Hello,
I’ve run into “CUDA error: an illegal memory access was encountered” multiple times regardless of using pytorch/ollama. I’ve tried to cut down my code to the simplest form that still produces this error. Here’s my code:
import torch
param = torch.randn((150000, 1000), dtype=torch.bfloat16, device='cuda:0')

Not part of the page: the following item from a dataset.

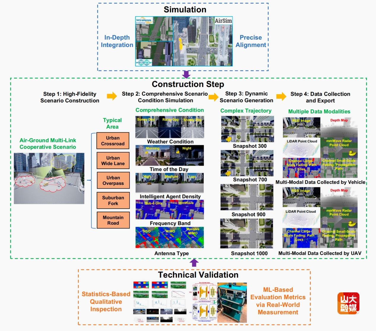 随着人工智能(AI)与网联智能的迅猛发展,无人系统研发如火如荼,旨在大规模智能体利用多模态感知信息,借助网联协同进行信息共享决策,在复杂动态环境中执行多样化智能任务。作为AI算法研究的基础,一个完备的通信与多模态感知数据集必不可少。然而,现有的公开数据集数据模态有限,难以满足前沿通信与多模态感知智能融合研究的实际需求。为填补这一领域的空白,研究团队开发了一个全新的通信与多模态感知数据生成与采集平台,并基于该平台构建并发布了首个完备的通信与多模态感知智能融合数据集SynthSoM。该数据集包含了37.3万组通信信道数据、23万组毫米波雷达波形数据、45.5万张RGB图像、89.1万张深度图像及24.1万组激光雷达点云数据,为多模态数据融合及相关算法验证提供了重要的数据支持。

param = param.to(torch.float16)
param = param.cpu()
print("success")
And the error is the following:
(torch) root@Htzr:~/code# python ./repro_error_2.py
Traceback (most recent call last):
File "/root/code/./repro_error_2.py", line 5, in <module>
param = param.cpu()
torch.AcceleratorError: CUDA error: an illegal memory access was encountered
Search for `cudaErrorIllegalAddress' in https://docs.nvidia.com/cuda/cuda-runtime-api/group__CUDART__TYPES.html for more information.
CUDA kernel errors might be asynchronously reported at some other API call, so the stacktrace below might be incorrect.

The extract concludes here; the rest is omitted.